Our biologically inspired mathematical model can capture the basic dynamics of network adaptability through iteration of local rules and produces solutions with properties comparable to or better than those of real-world infrastructure networks. Furthermore, the model has a number of tunable parameters that allow adjustment of the benefit/cost ratio to increase specific features, such as fault tolerance or transport efficiency, while keeping costs low. Such a model may provide a useful starting point to improve routing protocols and topology control for self-organized networks such as remote sensor arrays, mobile ad hoc networks, or wireless mesh networks.
This idea is based on the assumption that biological systems are optimized, in terms of cost, efficiency and resilience, the same outcomes that should be optimized in man-made networks, and that there are rules that determine this, that can be discerned and readily translated from the humble slime mold to the sophisticated man-made world of teleological -- purpose-designed -- networks. But slime mold cells have no blueprints, organizing committees, or overall goals. All each cell can do is react to its immediate surroundings. Any overall efficiency or resilience must have evolved indirectly by selection working on the net result of the aggregated activity of cells each working only locally.
That is very different from a committee designing a subway system or economic network. How selection's effects on the net result of slime mold aggregate patterns is manifest at the underlying genetic level is one of the major challenges in evolutionary genetics.
Selection is so indirect at the level of such complex phenomena that there is no reason to think it will be simple -- much less unitary -- at the gene level.

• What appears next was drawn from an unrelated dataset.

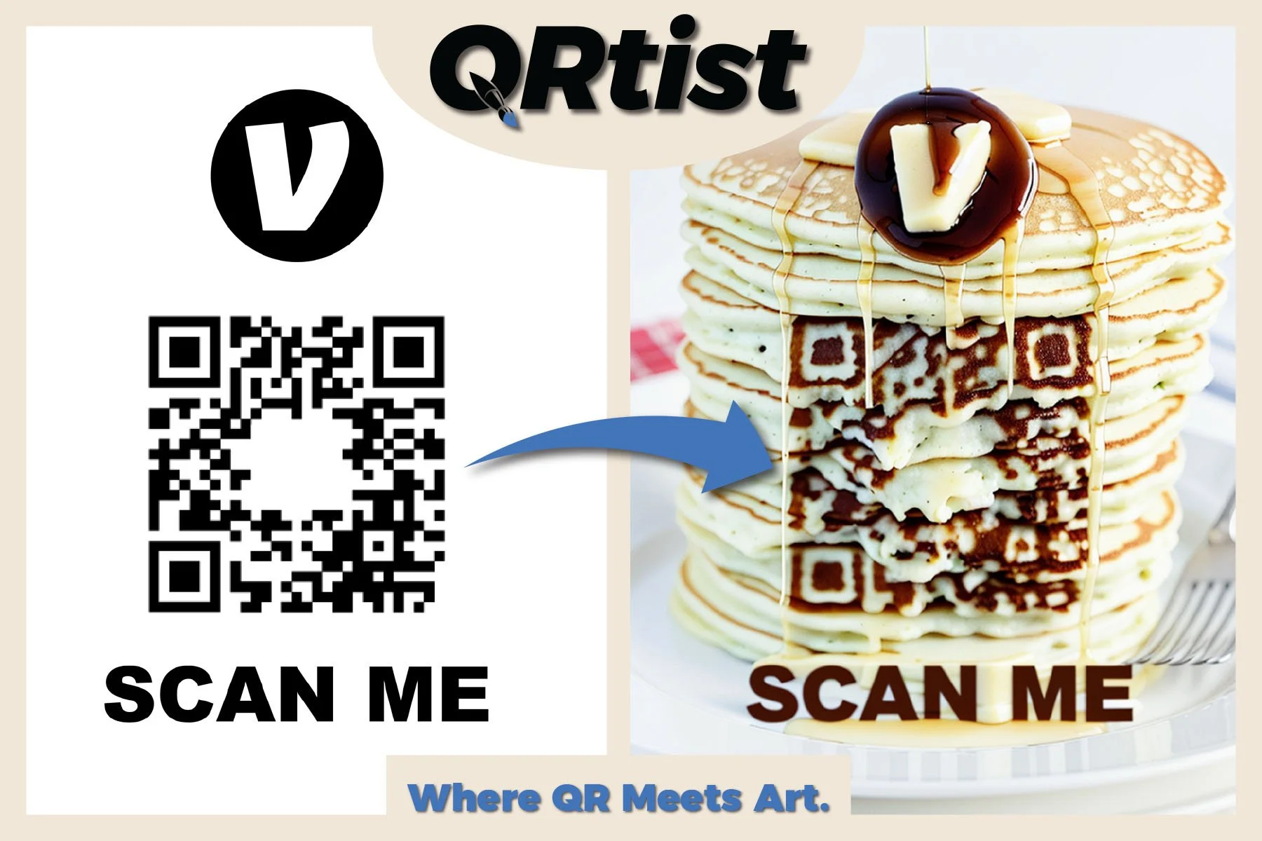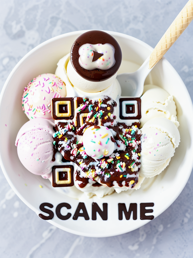 The QR is not placed on top of the image. It is woven into the composition itself, appearing as frosting, tile, fabric, metal, or any surface we design for.
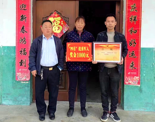 今日房县网讯 通讯员 姜建卫 刘庆波 报道:一人立功,全家光荣!4月6日,青峰镇武装部联合退役军人服务站为辖区内2名荣立“三等功”、6名获得“四有”优秀士兵家属送去立功受奖喜报和奖励金,让军人军属共享荣耀和喜悦。

It will have been assembled non-purposively, and with no need to optimize any of its parameters, and will likely be of no use to human urban planning committees. Evidence from attempts to map complex traits in all sorts of organisms supports the idea that it will not be simple or unitary at the gene level.
As we say in Mermaid's Tale, if there are biological rules, they can be broken. There are certainly no universal biological rules for efficiency or cost. The peacock's tail is proof of this, in that by usual considerations it's a risky, costly thing to have -- yet it purportedly has such a net advantage as to have offset its costs. Instead of some econometrician's idea of efficiency, whatever works is what evolution allows. Resilience comes closer to being a principle of life, but uncoupled from efficiency or cost. Slime mold's ancestors presumably ran into situations often enough that genes that produced sensors, signals, receptors, or whatever that led them under some circumstances to connect with neighboring cells, provided them a fitness advantage.
And there's another important way in which biological and man-made networks like rail or mobile phone systems differ, and that is that man-made networks are designed to maximize profit, and that's not an attribute relevant to biological systems, that presumably can only maximize what leads to better reproductivity. Unless survival itself is equivalent to profit, but if so, then these systems are even less equivalent than supposed because, as we say in M. T., the idea that only the fittest survive is patently false. Instead, selection weeds out the weakest organisms, while most others stand roughly comparable chances. 'Failure of the frail' is, we think, a more accurate descriptor of an organisms's chances in life than 'survival of the fittest'. In life, good enough is good enough. Period.
Somehow higher emergent properties have evolved, even in what appear to be simple organisms. It's not a surprise, because even a single cell is hard for contemporary science to explain in genetic evolutionary terms. But we still are far from understanding it adequately, which means that applying the 'lessons' of biological systems to man-made networks is largely based on assumptions that may or may not be valid, and may or may not be relevant.